Fiscal deficit target for FY25:
- The Indian government will lower its debt level and the fiscal deficit is to be cut to 5.1% of gross domestic product in FY25, from 5.9% in FY24.
- The finance minister also said the fiscal deficit estimate for FY24 has been revised to 5.8% of GDP, from the 5.9% estimated earlier for the financial year.
- Boost Investments:
- The assurance from the government will help investors’ confidence.
- It will improve fiscal stability as the move will ensure that sovereign yields are range-bound.
Centre’s fiscal consolidation strategy:
- The use of technology in tax administration
- Information-driven voluntary compliance,
- Greater formalisation of the economy,
- Expanding the scope of taxes deducted or collected at source,
- Growing tax base, and economic growth
What is fiscal deficit?
- It is the difference between the Revenue Receipts plus Non-debt Capital Receipts (NDCR) and the total expenditure.
- In other words, fiscal deficit is a result of the government’s total expenditures exceeding the revenue that it generates, excluding money from borrowings.
- A significant fiscal deficit can lead to a higher national debt and increased costs related to debt servicing.

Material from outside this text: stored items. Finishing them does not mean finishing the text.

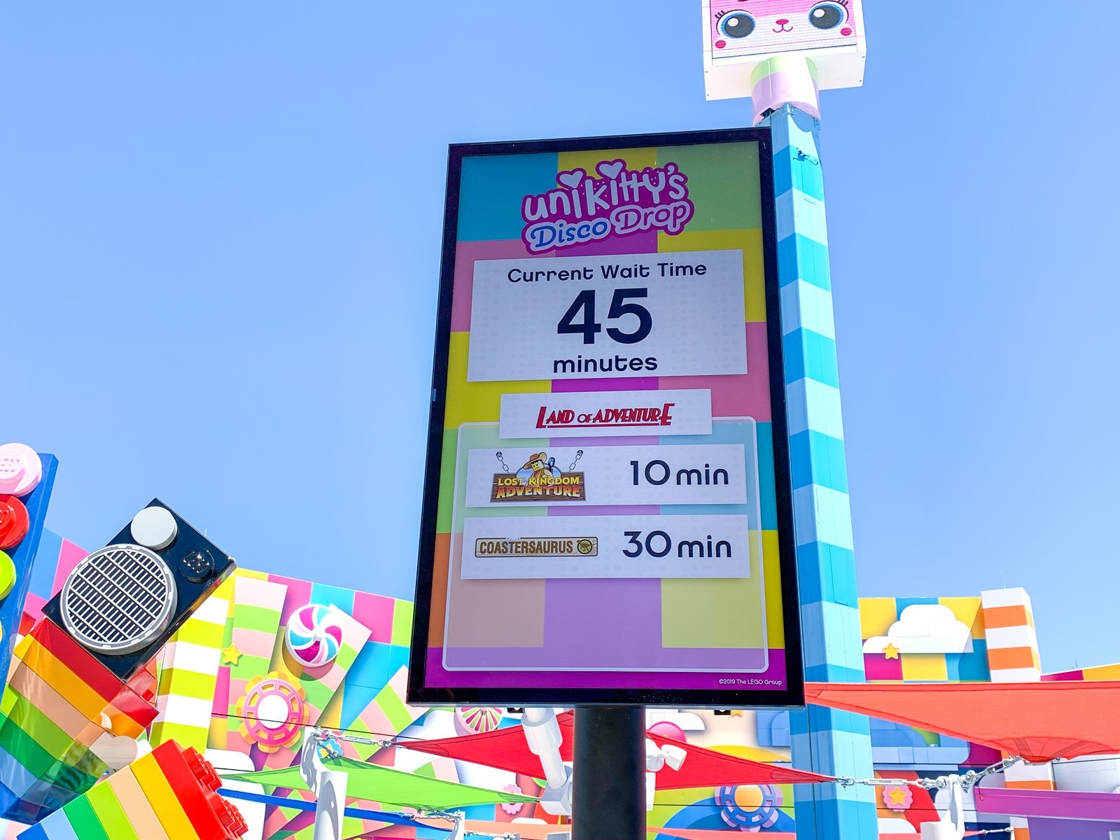 From there, we trimmed a 45-minute wait for Unikitty's Disco Drop into less than a five-minute wait.
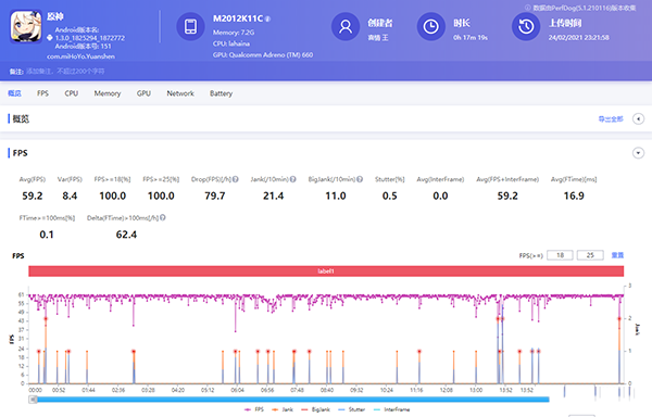 優(yōu)化極爛、比較吃手機性能的原神,在效果全開的游戲模式下,游戲17分鐘,RedmiK40 Pro基本能夠穩(wěn)定流暢的運行,偶有突然掉幀的情況,最低幀率32,平均幀率達到了59.2。游戲過后,正面最高47.6℃,背面最高50.1℃。雖然高通驍龍888在高負載下之前就已驗證有些翻車,但是對于性能的調(diào)度,RedmiK40 Pro依然還是比較激進的。
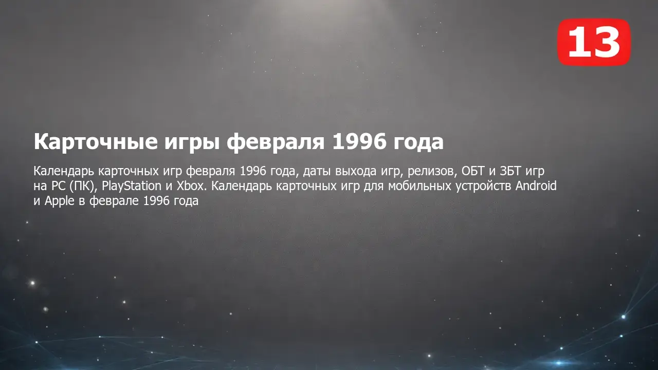 Календарь выхода карточных игр марта 1996 года на PC (ПК), PlayStation и Xbox, мобильных устройствах Android и Apple и других платформах. Самые ожидаемые и интересные компьютерные, консольные и мобильные карточные игры, а также даты выхода, релизы, ОБТ, ЗБТ и другие тесты в календаре карточных игр на март 1996 года.
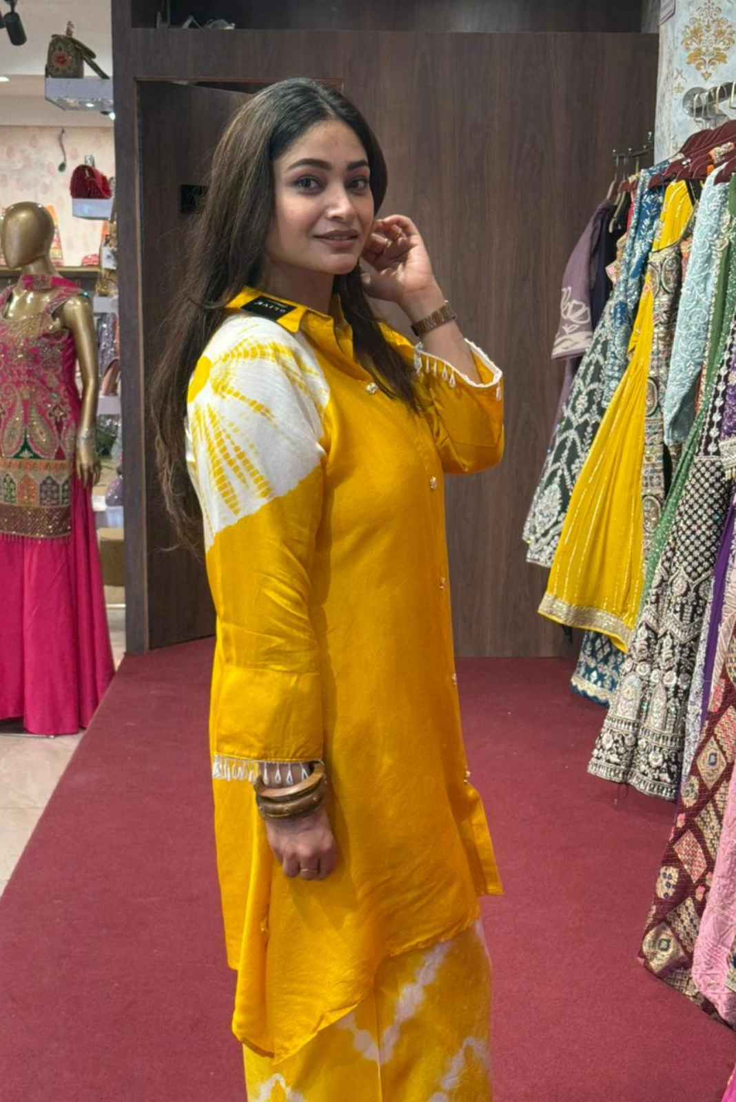 Premium silk fabric enhances the outfit with a rich, luxurious feel.

- This can adversely affect the economy, potentially devaluing the national currency and hindering private sector investments.
What is the significance of fiscal deficit?
- In the economy, there is a limited pool of investible savings. These savings are used by financial institutions like banks to lend to private businesses (both big and small) and the governments (Centre and state).
- If the fiscal deficit ratio is too high, it implies that there is a lesser amount of money left in the market for private entrepreneurs and businesses to borrow.
- Lesser amount of this money, in turn, leads to higher rates of interest charged on such lending.
- So, simply put, a higher fiscal deficit means higher borrowing by the government, which, in turn, mean higher interest rates in the economy.
- A high fiscal deficit and higher interest rates would also mean that the efforts of the Reserve Bank of India to reduce interest rates are undone.